- ellenwohl712
SNAP! Avoiding the Complaint Dept.
In the midst of my husband’s latest illness, I qualified for a caregiver study conducted by Case Western Reserve University. I met with an interventionist to receive training on ways to cope with my anxiety. Some of it was common sense, but there were things I just never did … like asking for help. It was pointed out to me, “If you don’t ask, everyone will assume that you are coping.”
There’s a Yiddish expression, “If we all put our troubles on a table and saw everyone else’s, we’d take ours back.”
When I share my feelings with Mom or my sisters, I feel like a real bitch. I always end up apologizing because it is difficult to filter my emotions. I’m not looking for answers or solutions. In fact, I know there are no answers or solutions. Sometimes I just need a non-judgmental shoulder to cry on.
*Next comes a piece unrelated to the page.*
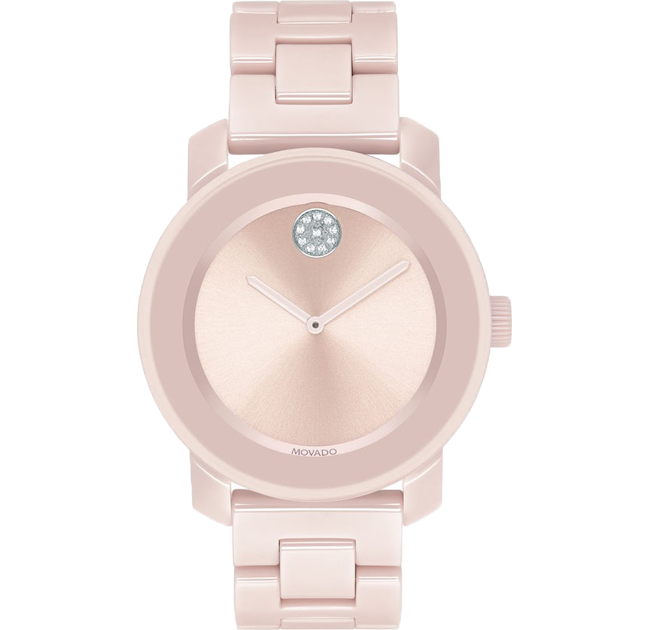 Mid-size Movado BOLD watch, 36 mm black ceramic and stainless steel case, K1 crystal with a ring of highly reflective black-toned metallization, black dial with clear crystal-set dot and black-toned hands, black ceramic and stainless steel link bracelet with push-button deployment clasp.
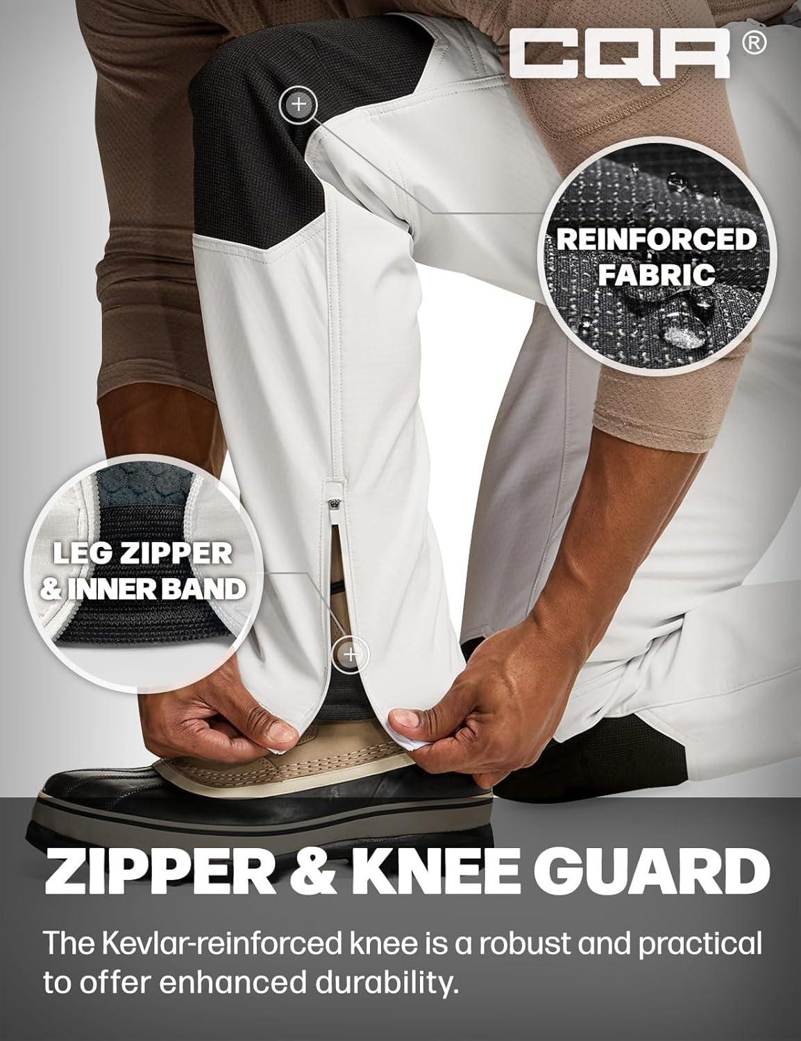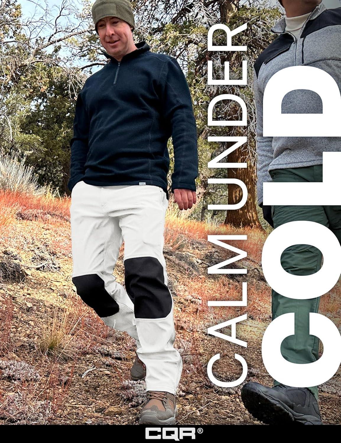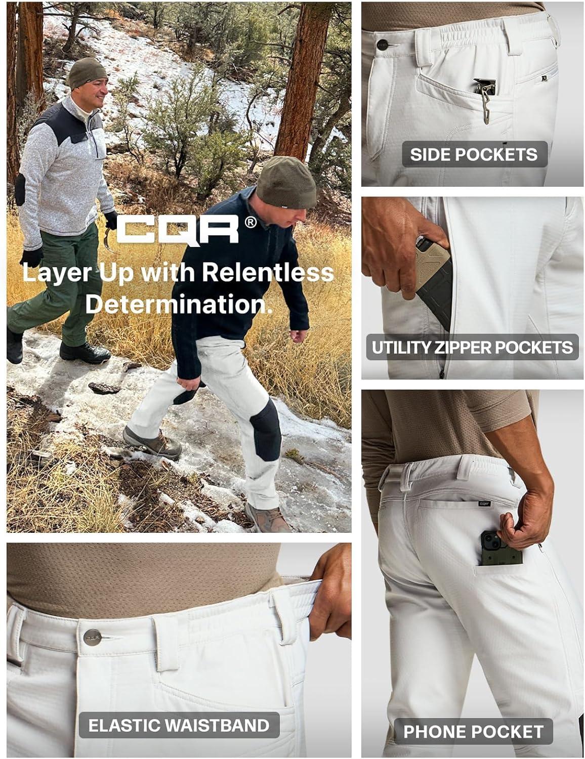 imageCQR Mens Softshell Fleece Lined Winter Hiking Pants Water Resistant Insulated Thermal Outdoor Tactical Warm Snow Ski PantsExpedition White

Okay, I have two thoughts on sharing, venting, or holding back. One is to do it. The other is don’t.
No one ever got a medal for being the strong, silent type. They don’t hand out trophies for never complaining or asking for help. It makes me so uncomfortable going to a funeral, and the family says, “Oh, she was so selfless. She never complained about
(a) supporting us,
(b) taking care of our father,
(c) giving up her dreams.”
Bullshit! Did anyone ever ask her?
It’s hard for me to admit when I need help. I was raised to be strong and “roll with the punches.” Mom wasn’t a complainer, so I tried not to be. It wasn’t always easy. But seriously, I was learning that complaining and asking for help are two very different things.
Complaining is passive. It puts the listener in a powerless, uncomfortable position. What can they say to make you feel better? Nothing. But explicitly asking for help actively involves them.
“When you go to the grocery store, would you pick up a few things for me?”
“I have a dentist appointment. Would you watch TV with Jack so I can run out?”
At last, there is something constructive they can do to help you. It’s a win-win.